Java EE Apps on 10 TB RAM, 5Ghz Big Irons

Pavel, please introduce yourself

Hello Adam. My name is Pavel Samolysov. I live in Russia with my wife Olga and new born daughter Dasha. The day-to-day log of my life is on Twitter (@psamolysov) and some technical articles could be found on my English blog. Also I have been blogging in Russian from 2007, there are about 220 articles in the blog about Java, Java EE, OSGi, System Integration, System Architecture, SOA, ESB and Functional Programming. I met Java 11 yeas ago and as I remember begun learn the programming language because there was an amazing integrated developer tool - Eclipse SDK. Some years ago I even was an Eclipse commiter and maintained the Eclipse Communication Framework project. ECF is a set of frameworks for building communications into applications and services. It provides a lightweight, modular, transport-independent, fully-compliant implementation of the OSGi Remote Services standard. Also, for yeas I worked as an Application Integration Architect designed a number of large Enterprise Service Bus solutions using Java EE as well as Oracle Server Bus and Oracle SOA Suite. But my current job role is z Systems Software Technical Specialist in IBM, so I help my customers to build and support their high available (z Systems means "zero downtime") and high business critical Java EE applications on IBM WebSphere Application Server for the Big Irons - IBM mainframes.

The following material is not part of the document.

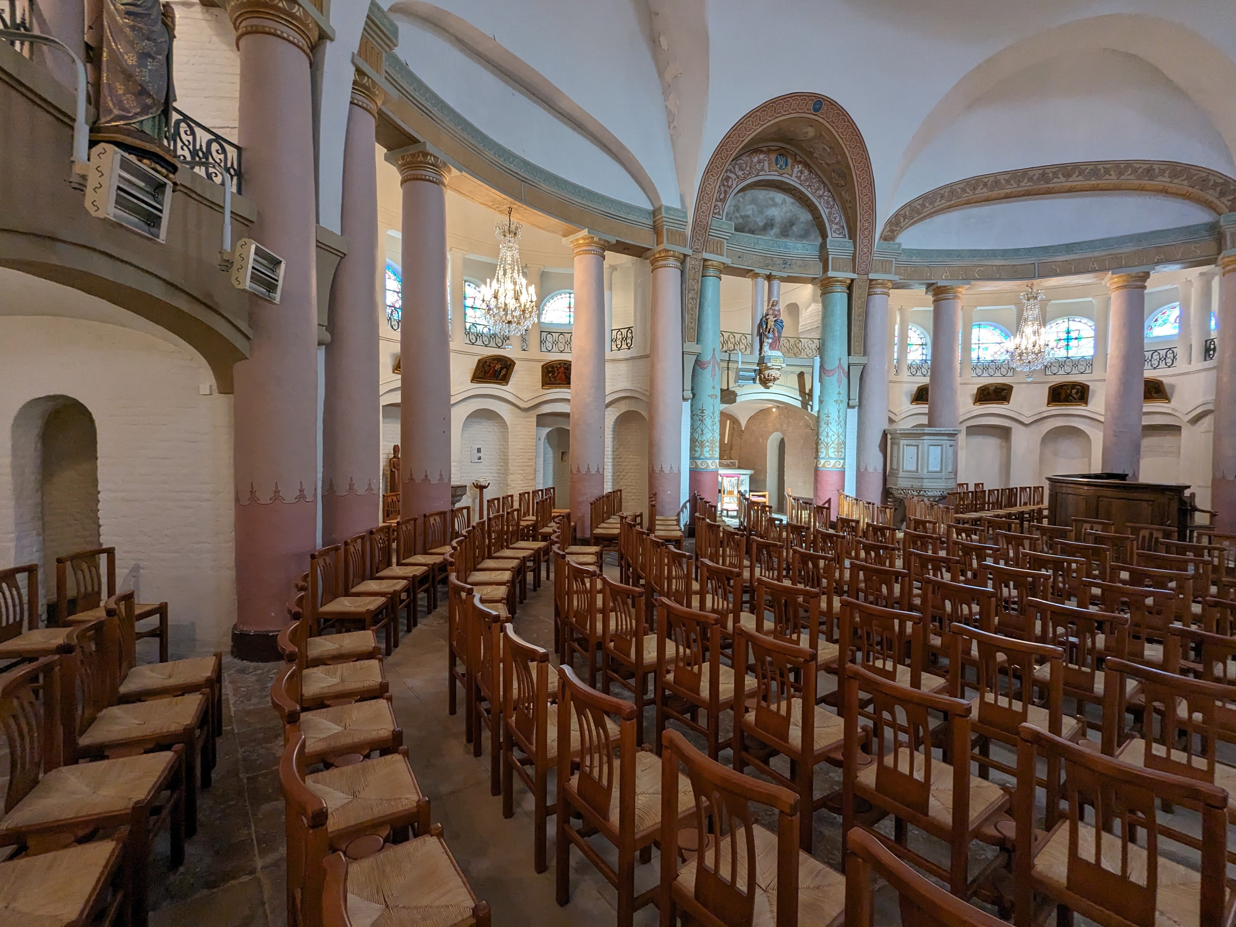 Superbe au cœur d'un village des Ardennes. Architecture originale et bien entretenue. Particularité du corps intérieur avec ses passages discrets entre les alcôves permettant de circuler sans gêner l'Office.
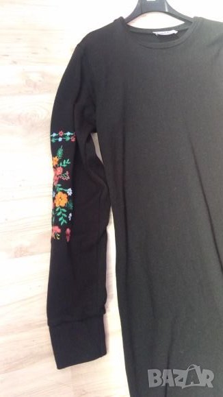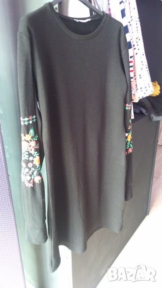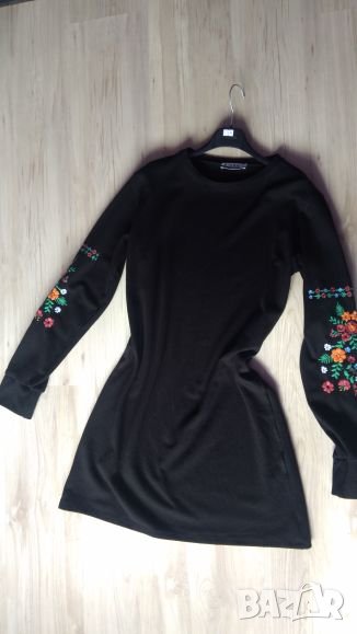 Нова рокля, машинно плетиво с красиви бродерии по ръкавите,черна, размер М/L

You are running Java EE application on the Big Irons. How big are they? What is the difference to a typical Linux box for Java EE developers?

The iron is very big, so it higher than a man, an enterprise class mainframe is an 2x1.5x2 meters box. But as I understand, your question was about processor and memory power. The latest design z13 mainframe has up to 141 22nm, 5Ghz cores for customer use and up to 10TB of real storage (memory). Single Instruction/Multiple Data (SIMD) instructions as well as Simultaneous Multithreading (SMT) are supported and open for Java applications. On modern mainframes all kinds of workload could be operated. I mean classical workload, e.g. IBM CICS and DB2 upon z/OS operating system as well as new Java workload like WebSphere Application Server applications and Linux and open source one. IBM loves Linux even more and presents a new efficient, powerful, secure Linux platform called IBM Linux ONE. Let me say a few words about the platform because I think it could be interesting for Java EE and Linux adopters. Linux ONE is a box that can scale up and out with up to one million Docker containers per system. Since mainframe's I/O subsystem was forever a killer feature of a platform, with Linux ONE you can gain faster response times with massive high-performance I/O throughput. Also, the platform provides up to 10TBs of memory for the Big Data processing using Apache Hadoop or Apache Spark, e.g. From Java point of view mainframes provide the following benefits.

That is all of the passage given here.